Dometl is a Python ETL package.

Process

  1. Init - Initializes the database
dometl -t init
  1. Stage - Moves files into staging tables
dometl -t stage
  1. Live - Runs transformations to move data from staging to live tables
dometl -t live
  1. Test - Runs very simple tests on the data
dometl -t test

How to Install & Run the Package?

Run the initialization step

dometl -t init -cp dometl_config
# if you don't install the package
# python -c "from dometl import run_dometl; run_dometl()" -t init -cp dometl_config

Run the staging step

dometl -t stage -ep datasets\\game_data\\daily\\20221105_g.csv -tb ST_GAME -cp dometl_config
# if you don't install the package
# python -c "from dometl import run_dometl; run_dometl()" -t stage -ep datasets\\game_data\\daily\\20221105_g.csv -tb st_game -cp dometl_config
# python -c "from dometl import run_dometl; run_dometl()" -t stage -ep datasets\\game_data\\seasons -tb st_game -cp dometl_config

Run the live step

dometl -t live -tb game -cp dometl_config
# if you don't install the package
# python -c "from dometl import run_dometl; run_dometl()" -t live -tb game -cp dometl_config

Run the test step

dometl -t test -tb game -cp dometl_config
# if you don't install the package
# python -c "from dometl import run_dometl; run_dometl()" -t test -tb game -cp dometl_config

The simple testing is made up of testing queries which are placed into the config.yaml folder like below

tests:
  table_name: ["some_test.sql", "other_test.sql"]

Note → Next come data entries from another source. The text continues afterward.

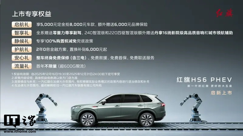 12 月 16 日消息,红旗 HS6 PHEV 车型今日正式上市,售价 17.88 万元起: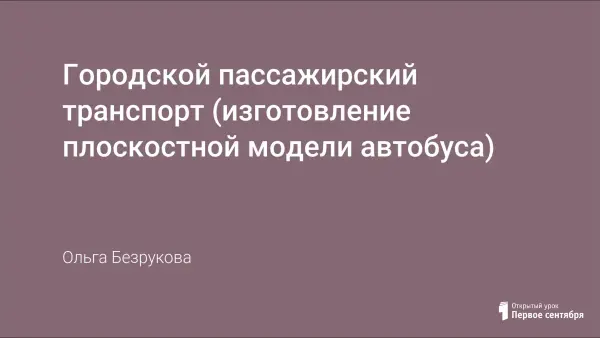 Представленный урок предполагает его реализацию в системе дополнительного образования детей, на уроках технологии в начальной школе в блоке "Техническое моделирование". При изготовлении плоскостной модели автобуса расширяется представление детей об особенностях городского пассажирского транспорта. Происходит формирование работы с материалами, прививается культура поведения в общественном транспорте. Развивается познавательная активность и творческое воображение.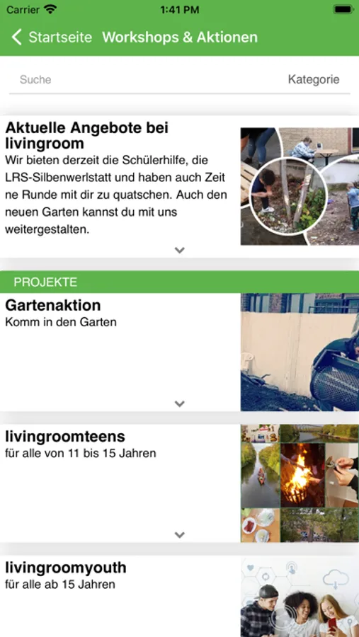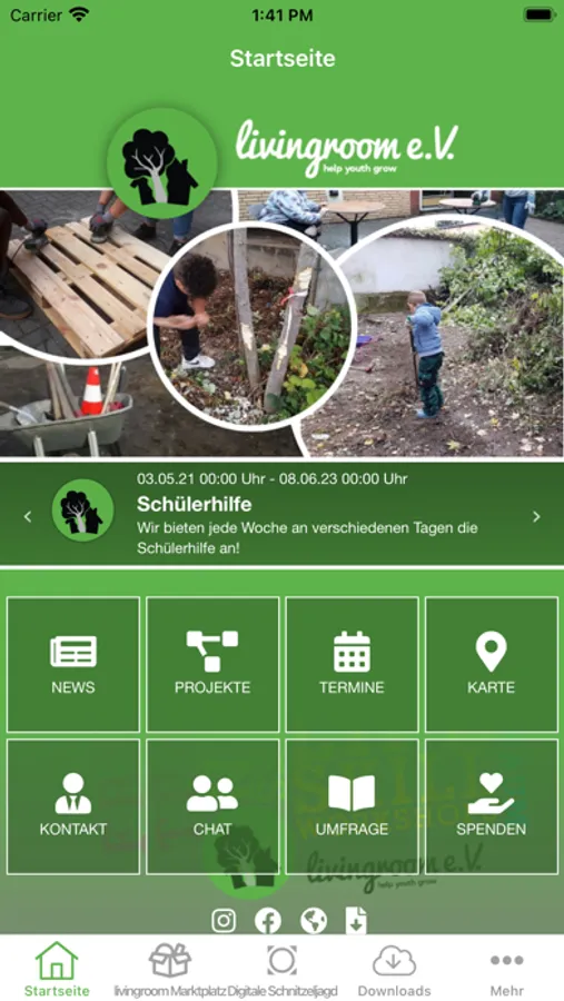 Ihnen als Interessierte an der Vereinsarbeit bietet die App umfangreiche und aktuelle Informationen über die unterschiedlichen Angebote von livingroom und natürlich können auch Sie mit uns in Kontakt treten.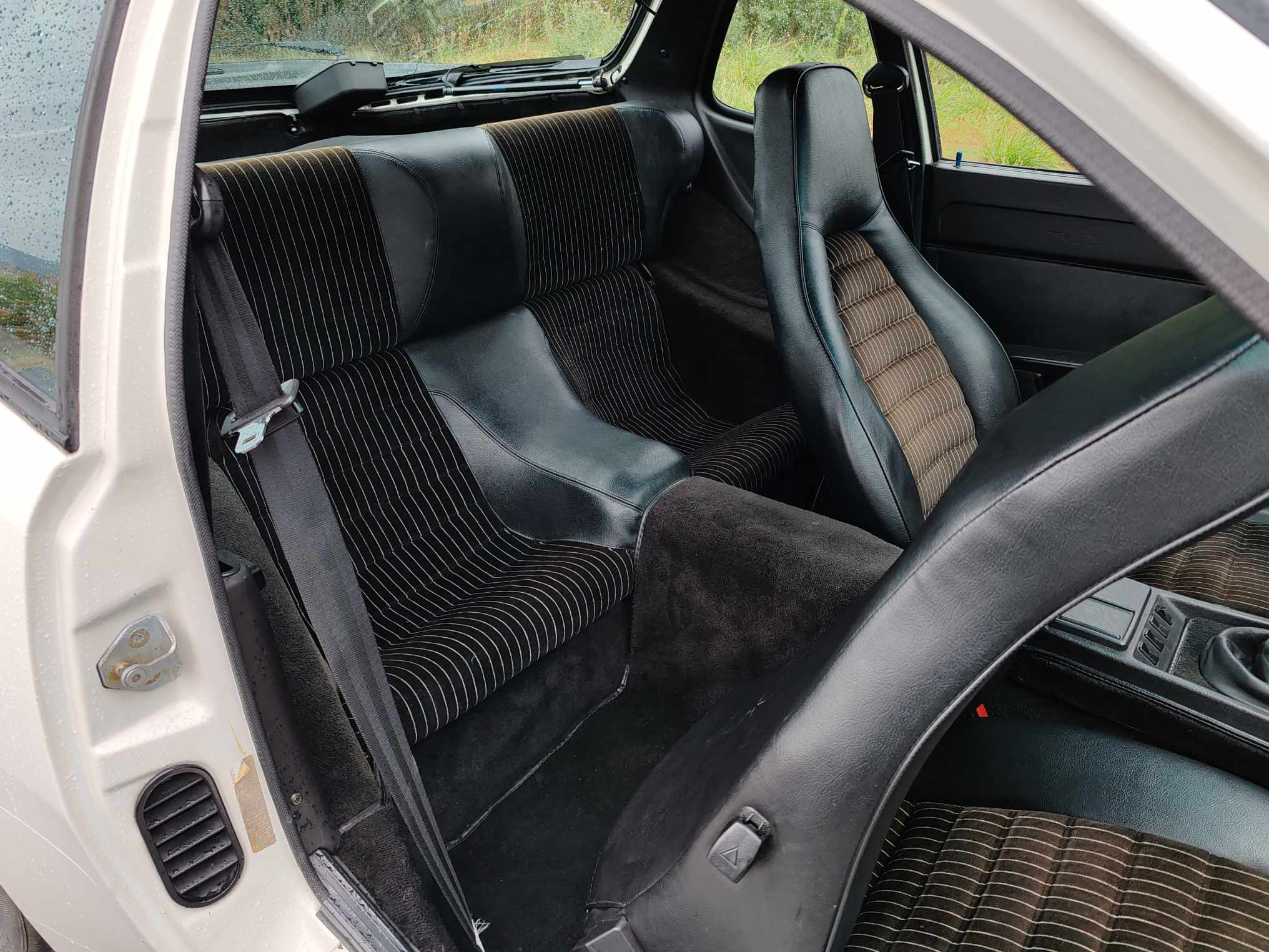 Odabent a klasszikus barna, csíkos kárpit remek kontrasztot állít a hófehér fényezésnek. Elsőre, pedig nem is gondolnánk, hogy milyen sok hely van a beltérben. Meglehetősen kényelmes a helyzet két fő számára, de szükség esetén még a hátsó ülésekre is be lehet merészkedni.

Each table can have a set of test queries. The queries need to be written in a way that they return 0 rows when the test passes. If the query returns more than 0 rows the test will fail. As a suggestion the rows that are returned should help find the root cause of the failure.

Configuration Folder

\folder
    config.yaml     # structure defined below
    db_create.sql   # custom file which creates and initializes the db
    file1.sql       # custom SQL file
    file2.sql       # custom SQL file
    file3.sql       # custom SQL file
    file4.sql       # custom SQL file
    file5.sql       # custom SQL file

Structure for config.yaml

credentials_path: "path/to/creds.yaml"

init_order: [
  "db_create.sql",
  "file1.sql",
  "file2.sql",
]

etl:
  table_name_1: "file3.sql"  
  table_name_2: "file4.sql"  
  table_name_3: "file5.sql"  

Structure for the creds.yaml

db_credentials:
  username: ""
  password: ""
  hostname: ""
  port: ""
  db_name: ""

Bonus

Run a script with psql

psql -U postgres -h 127.0.0.1 -d DBNAME -f path\path\file_name.sql

Copy CSV into a table

psql -U postgres -h 127.0.0.1 -d DBNAME -c "COPY table_name FROM '/'some_name.csv' WITH (FORMAT csv)"